Exercise requirements: Beginning with the line containing "Lieferumfang: 1*Ärmelloses Damenkleid" and going on through the line containing "and Ansu Fati.", the lines below are to be returned exactly, pictures excluded and nothing added.

Supplied data:
■ ■ ■ ■ ■ ■ ■
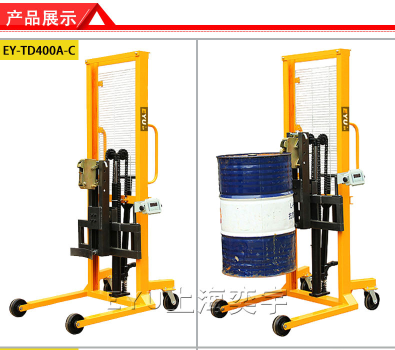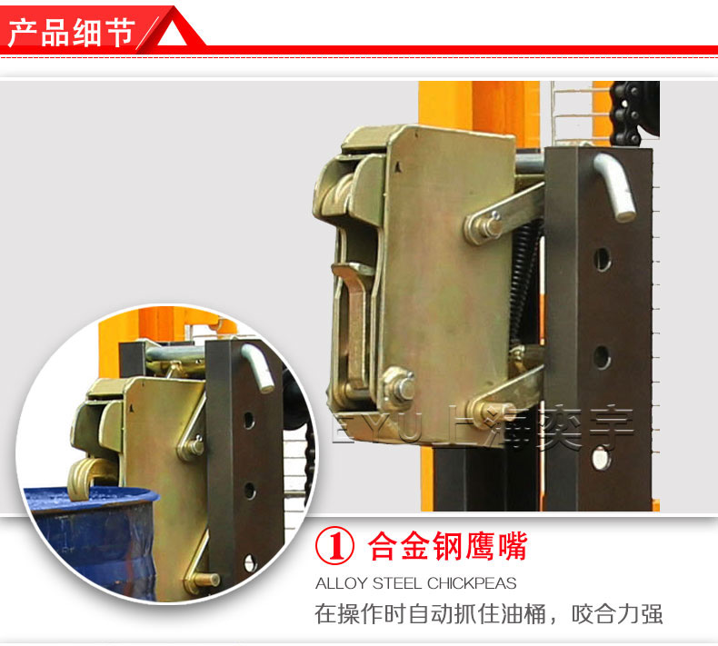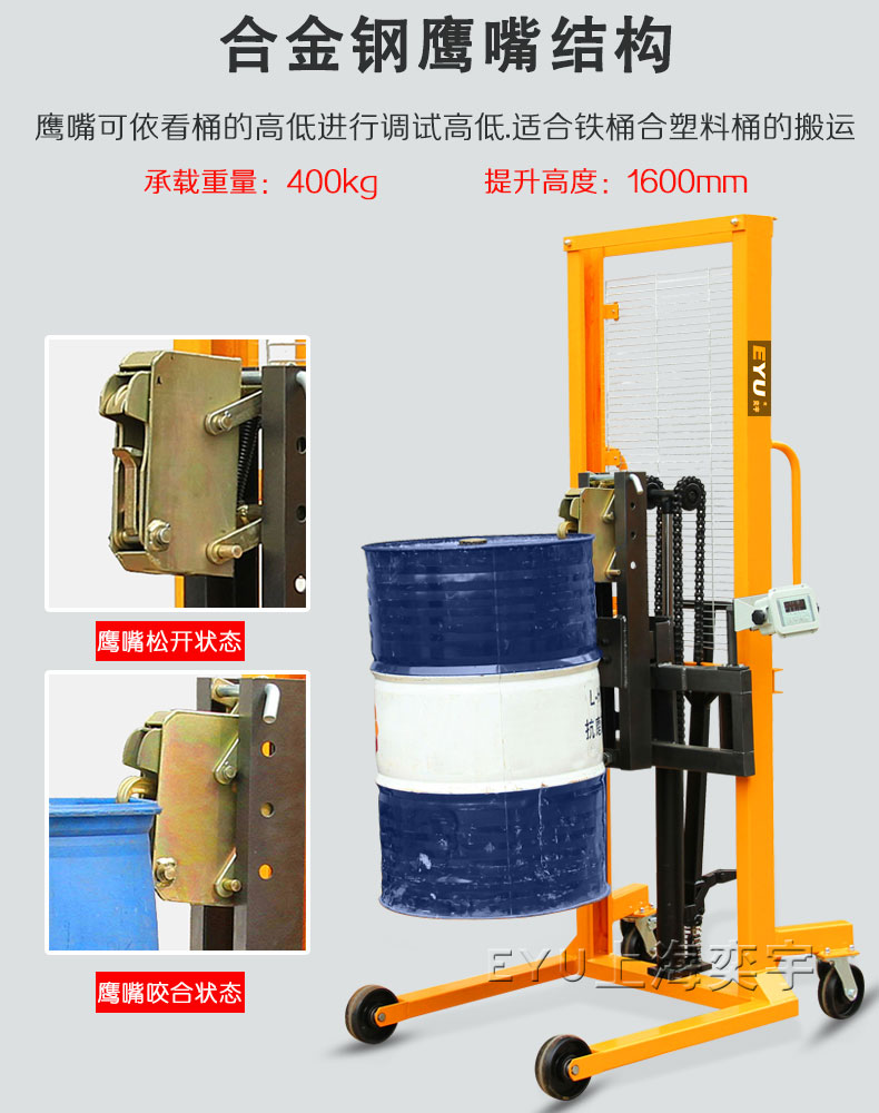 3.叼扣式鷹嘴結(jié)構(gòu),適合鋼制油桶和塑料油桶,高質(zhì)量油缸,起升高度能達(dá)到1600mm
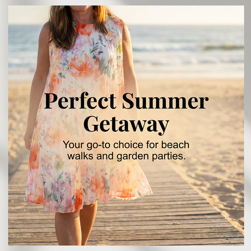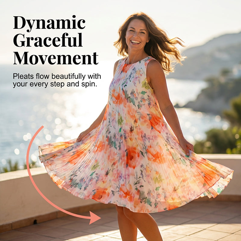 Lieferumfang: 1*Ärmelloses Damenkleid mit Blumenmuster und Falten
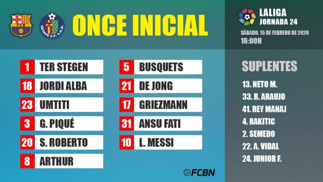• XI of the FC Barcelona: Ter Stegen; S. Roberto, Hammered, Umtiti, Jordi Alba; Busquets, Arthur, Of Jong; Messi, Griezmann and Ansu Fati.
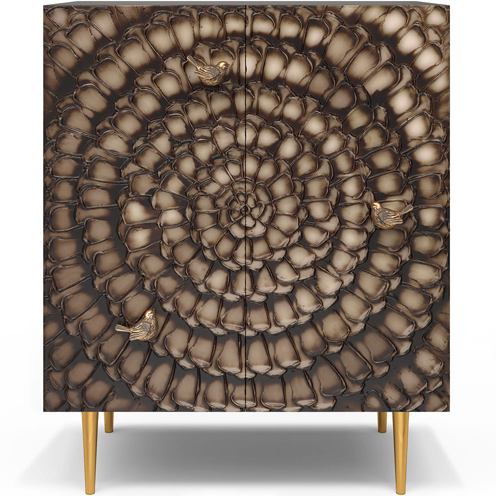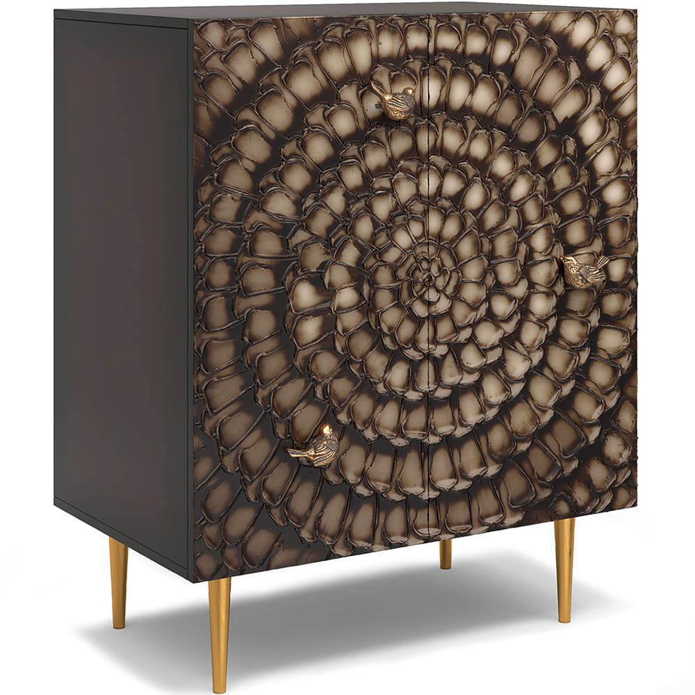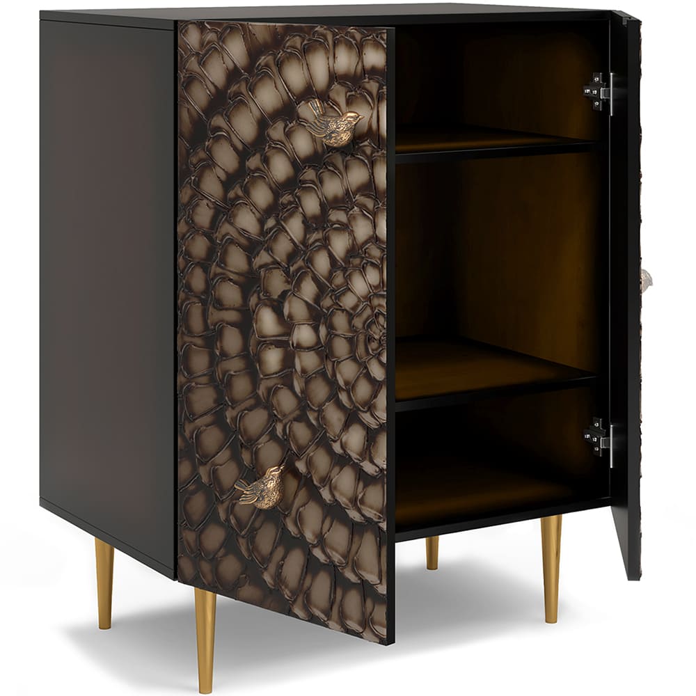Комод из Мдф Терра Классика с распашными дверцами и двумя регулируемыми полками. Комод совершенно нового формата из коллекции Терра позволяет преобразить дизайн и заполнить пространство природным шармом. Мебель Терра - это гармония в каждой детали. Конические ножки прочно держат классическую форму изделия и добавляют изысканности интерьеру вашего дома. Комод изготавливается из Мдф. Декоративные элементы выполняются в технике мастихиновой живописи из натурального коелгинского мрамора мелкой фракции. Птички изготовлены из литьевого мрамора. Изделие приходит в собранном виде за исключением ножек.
■ ■ ■ ■ ■ ■ ■
Written answer:
 Lieferumfang: 1*Ärmelloses Damenkleid mit Blumenmuster und Falten
• XI of the FC Barcelona: Ter Stegen; S. Roberto, Hammered, Umtiti, Jordi Alba; Busquets, Arthur, Of Jong; Messi, Griezmann and Ansu Fati.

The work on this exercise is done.